Search code examples
pythonnumpyoptimizationscipylmfit

Scipy NNLS using mask


I am performing non-negative least squares using scipy. A trivial example would be as follows:

import numpy as np
from scipy.optimize import nnls

A = np.array([[60, 70, 120, 60],[60, 90, 120, 70]], dtype='float32')
b = np.array([6, 5])
x, res = nnls(A, b)

Now, I have a situation where some entries in A or b can be missing (np.NaN). Something like,

A_2 = A.copy()
A_2[0,2] = np.NaN

Ofcourse, running NNLS on A_2, b will not work as scipy does not expect an inf or nan.

How can we perform NNLS masking out the missing entry from the computation.
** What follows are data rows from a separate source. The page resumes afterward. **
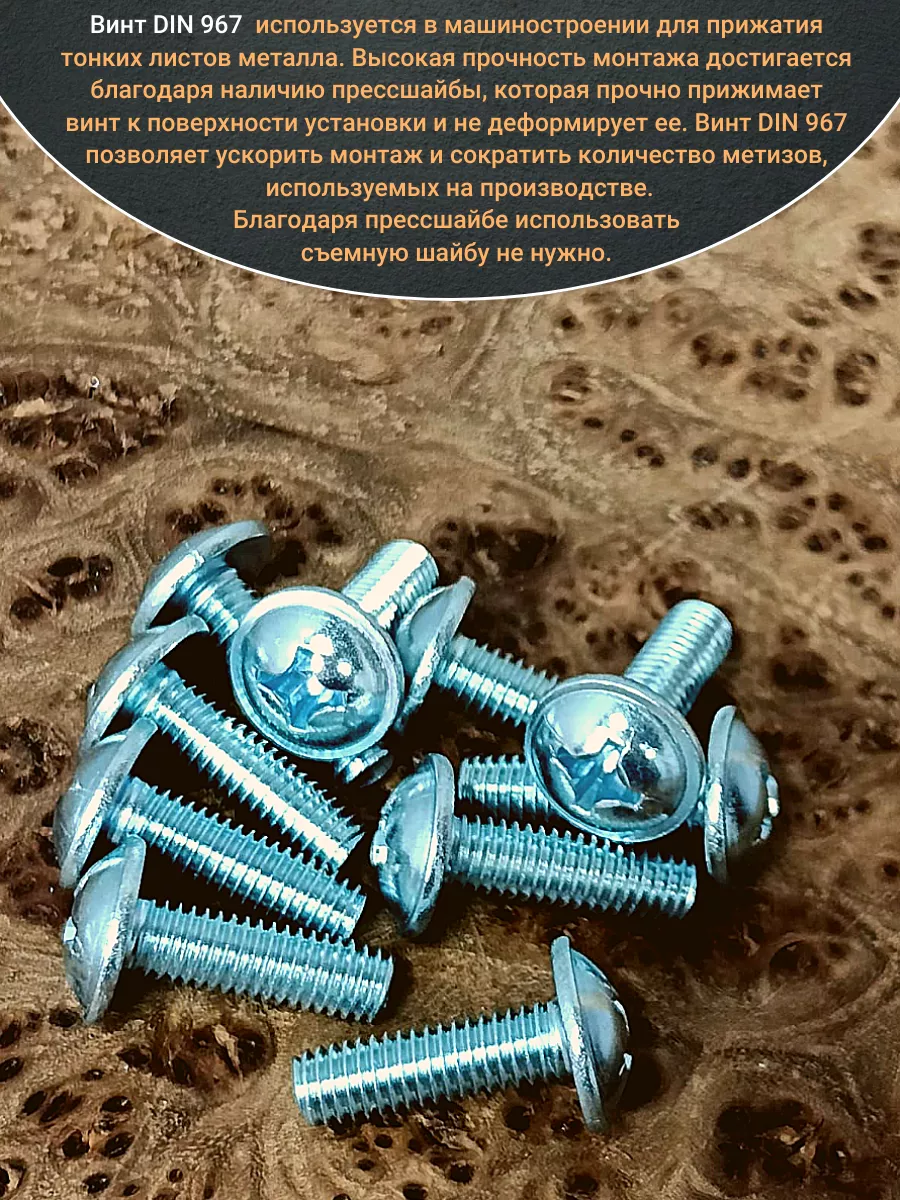 Винт мебельный DIN 967 — это универсальное крепежное изделие в виде стержня с наружной резьбой, выполненной по всей длиннее. Головка крепежа в виде полусферы с широкими полями, на головки имеются пазы под крестовую отвертку. При проведении монтажа можно использовать как PZ, так и SL отвертки или насадки, что делает крепеж универсальным.
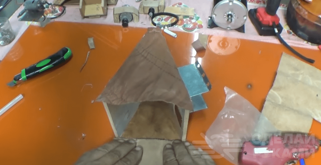Из двух дощечек фанеры, мебельной петли и кожи (или кожзаменителя) собираем устройство для нагнетания воздуха. Сначала соединяем заготовки между собой петлями, а потом к кромке крепим с помощью термоклея куски кожи.
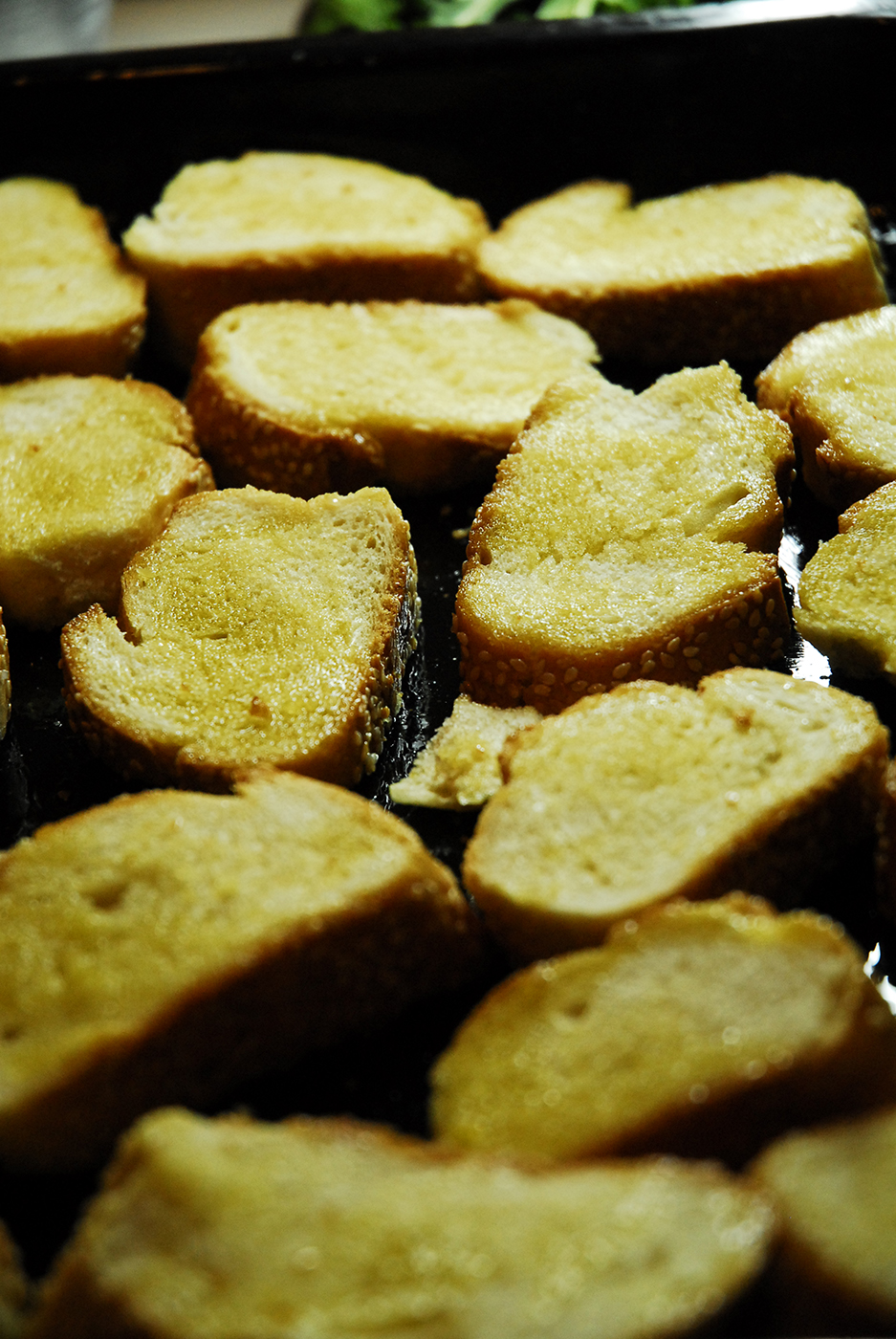 Παίρνουμε μπαγκέτα, τσιαπάτα ή ελληνική χωριάτικη φραντζόλα και κόβουμε λοξά σε φέτες πάχους ενός δαχτύλου. Φτιάχνουμε ένα μείγμα από ελαιόλαδο, αποξηραμένο και φρέσκο βασιλικό και ανακατεύουμε σε ένα μπολ. Με τη βοήθεια πινέλου, αλείφουμε τις φέτες ψωμιού και από τις δύο πλευρές.
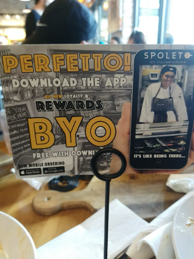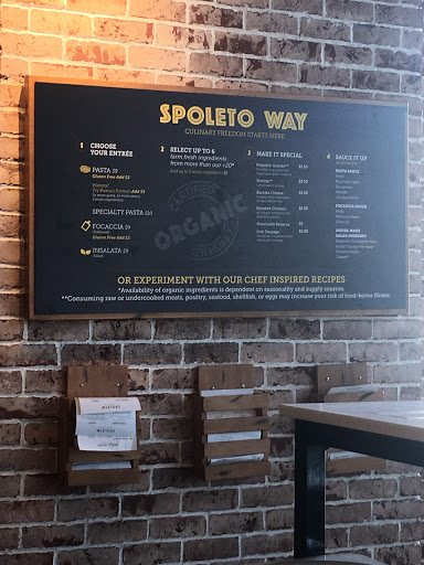 Spoleto is one of my favorite quick Italian restaurants. The concept is simple. Select your pasta, select the items you want to mixed in and the Spoleto chefs saute, quick boil and or bake your pasta dish. If you are interested in trying other combinations, Spoleto has pre-selected items you can order. Save room for the Nutella dessert. Its delicious. Eat in, take out and outdoor seating is available.
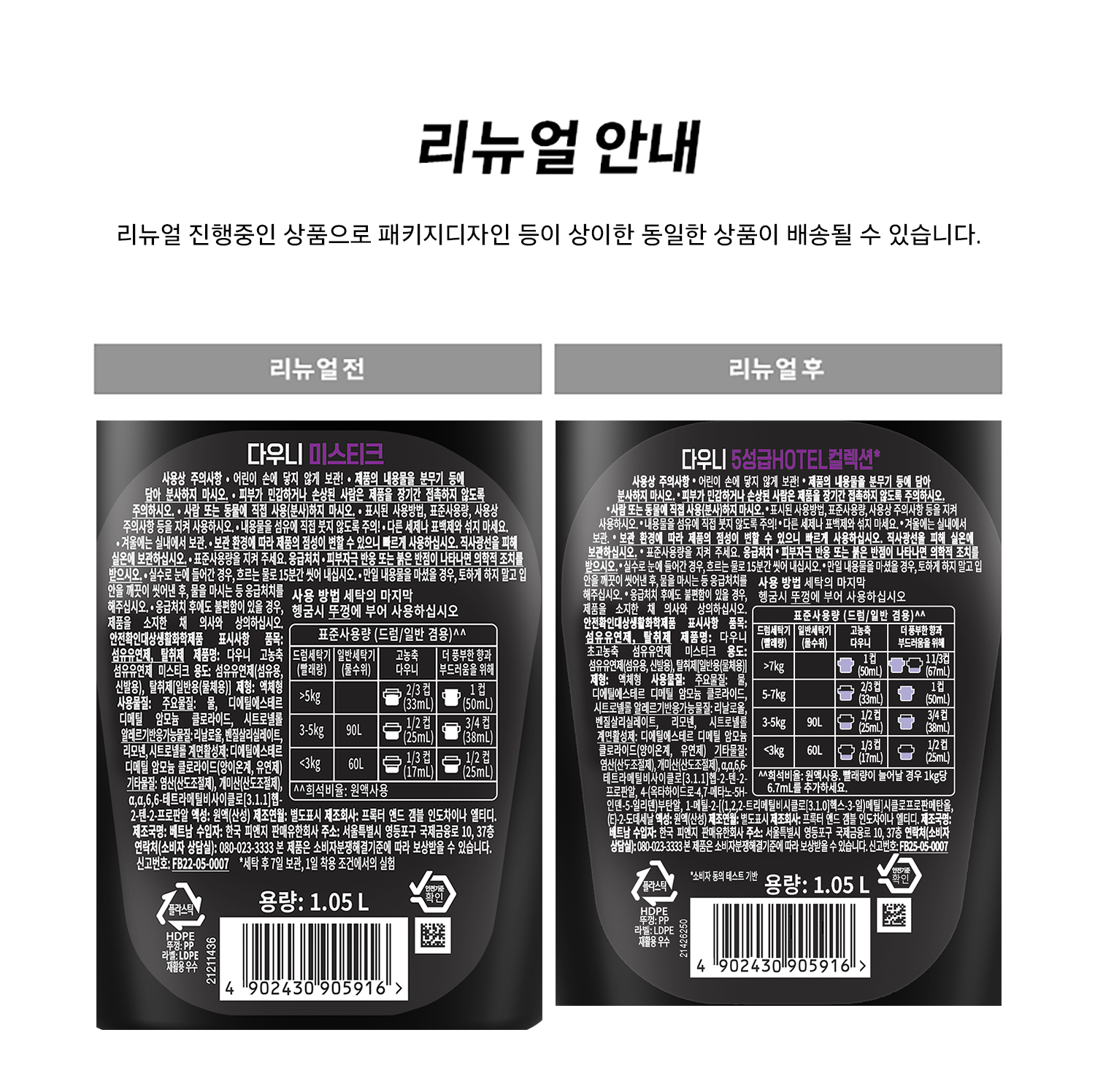 | 품목 및 제품명 | 리뉴얼전: 섬유유연제, 탈취제 / 다우니 고농축 섬유유연제 미스티크 | 리뉴얼후: 섬유유연제, 탈취제 / 다우니 초고농축 섬유유연제 미스티크 | 용도(표백제의 경우 계열을 함께표시) 및 제형 | 섬유유연제(섬유용, 신발용), 탈취제[일반용(물체용)] / 액체형 |
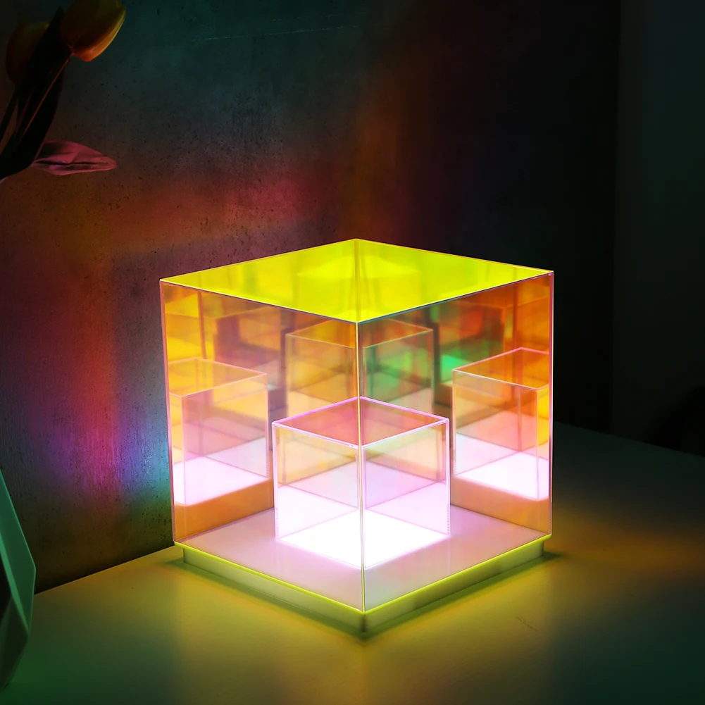 Акриловые декоративные лампы, 3D волшебный куб, светильник для спальни, прикроватный красочный Домашний Настольный светодиодный ночник, детский подарок
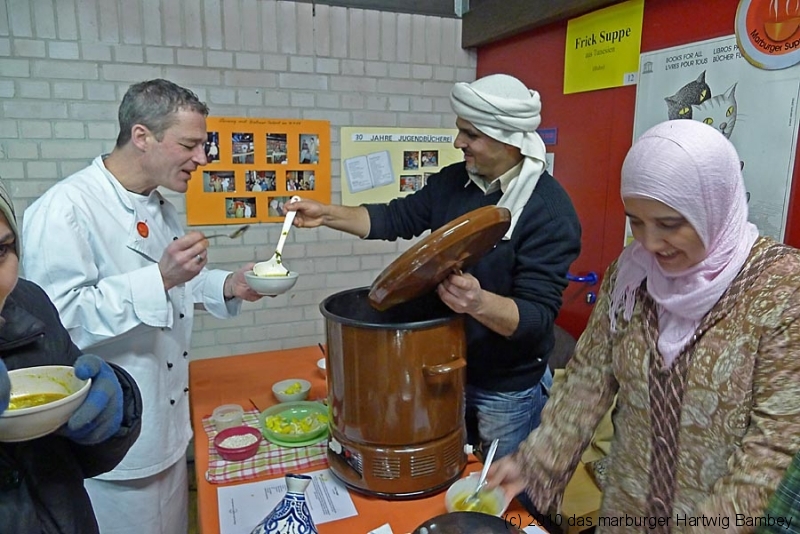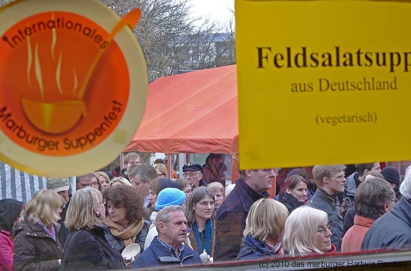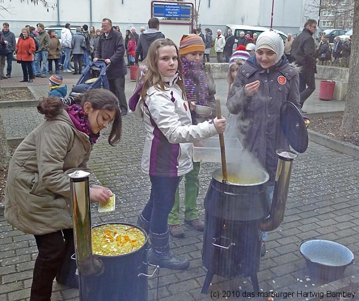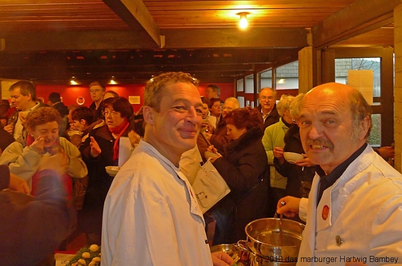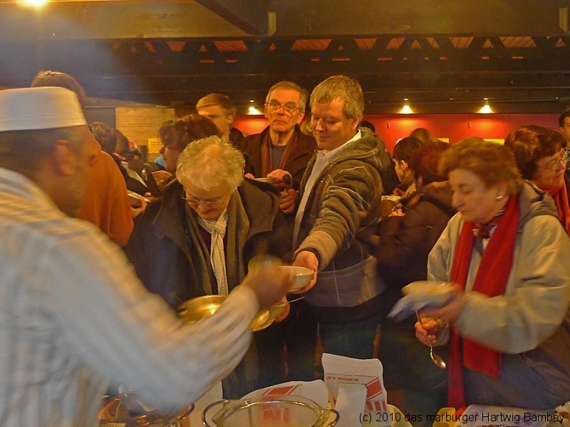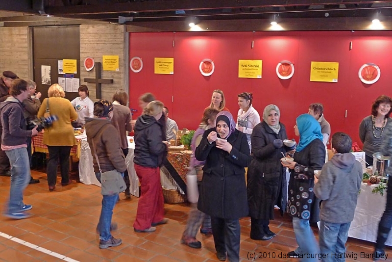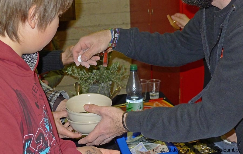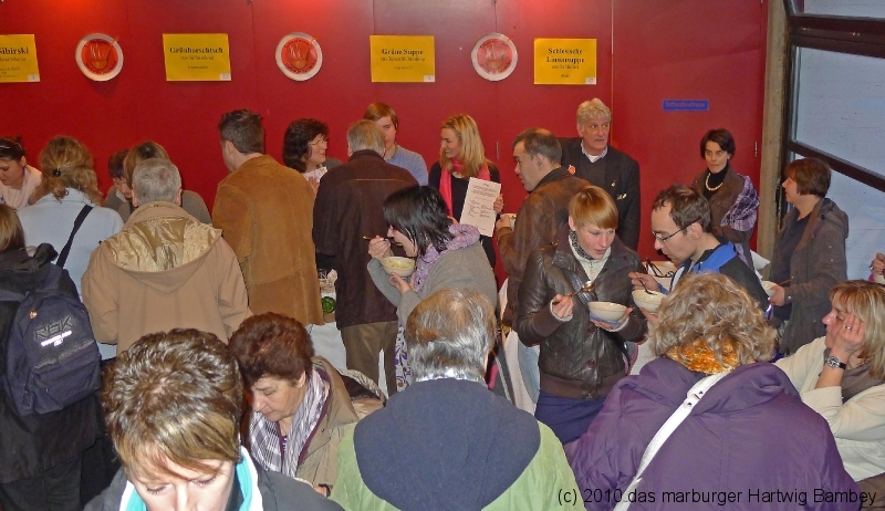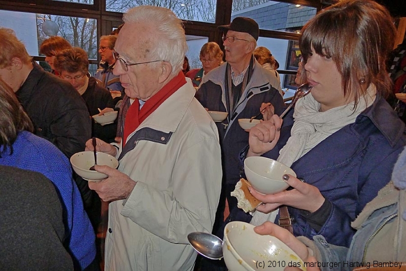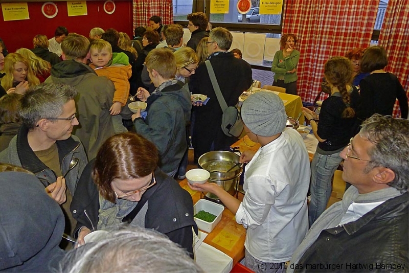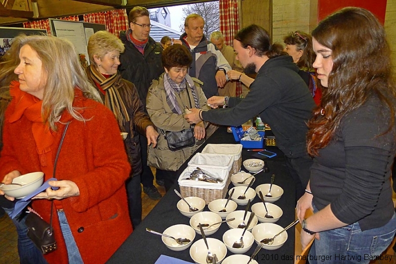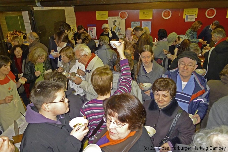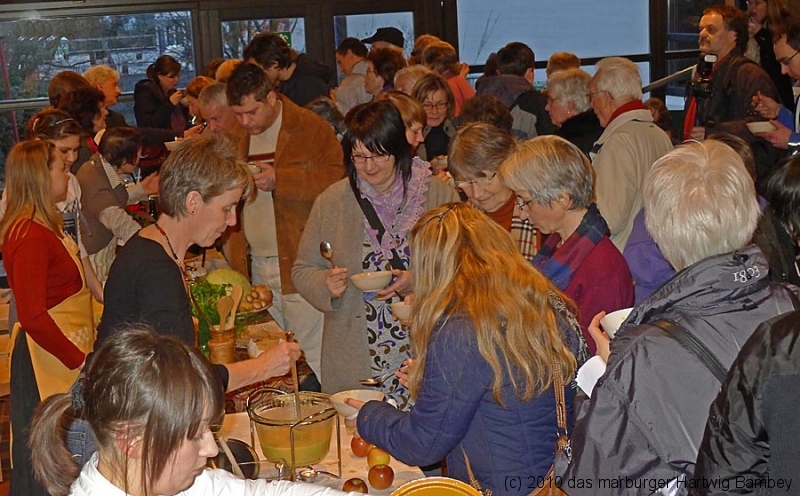 Marburg 27.2.2011 (yb) Auf die Zwölf getroffen und bestens gelaufen ist die sechste Auflage des Suppenfestes am Richtsberg. Die Schlange der auf Einlass Wartenden überschritt eine Länge von 100 Metern. Doch die Leute nahmen es mit Geduld und nutzen die Zeit für ein Schwätzchen. Dann wurde es schlagartig voll im oekumenischen Gemeidezentrum. Rappelvoll waren Flure, Gänge und bestuhlte Nebenräume. Vor allem stauten sich die vielen jüngeren und älteren Besucher, darunter zahlreiche Stammgäste, natürlich an den Suppentheken. Diese waren wohlweislich strategisch verteilt aufgebaut, zugleich galt es weit über 50 über Suppenköchinnen und -köchen mit mehr als 25 Suppenangeboten ordentlichen Platz zu bieten. Als nach einer Stunde die ersten Besucher sich schon wieder mit mehr oder weniger gefüllten Bäuchen und angeregten Geschmackssinnen auf den Nachhauseweg machten, warteten später Gekommene immer noch auf Einlass. So waren denn die ersten Suppen schon aus, als manch Eine(r) endlich, mit Suppenschüssel und Löffel bewehrt, den Rundgang beginnen konnte. Prächtige Stimmung, alle gut drauf, ob SPD-Bundestagsabgeordneter, CDU-Oberbürgermeisterkandidat, Gewerkschaftsekretär, Mitarbeiter von Sozialinitiativen, Leute vom Richtsberg mit Kopftüchern und Vollbärten oder von auswärts Angereiste. Multi-Kulti, gelöste Stimmung, dufte Leute. Was sollen noch Worte, wo es davon Fotos gibt…

Effectively, this should translate to

Minimize |(A_2.x- b)[mask]|

where mask can be defined as:

mask = ~np.isnan(A_2)

In general, entries can be missing from both A and b.

Possibly helpful:

[1] How to include constraint to Scipy NNLS function solution so that it sums to 1


Solution

  • I think you can compute the mask first (determine which points you want included) and then perform NNLS. Given the mask

    In []: mask
    Out[]: 
    array([[ True,  True, False,  True],
           [ True,  True,  True,  True]], dtype=bool)
    

    you can verify whether to include a point by checking if all values in a column are True using np.all along the first axis.

    In []: np.all(mask, axis=0)
    Out[]: array([ True,  True, False,  True], dtype=bool)
    

    This can then be used as a column mask for A.

    In []: nnls(A_2[:,np.all(mask, axis=0)], b)
    Out[]: (array([ 0.09166667,  0.        ,  0.        ]), 0.7071067811865482)
    

    The same idea can be used for b to construct a row mask.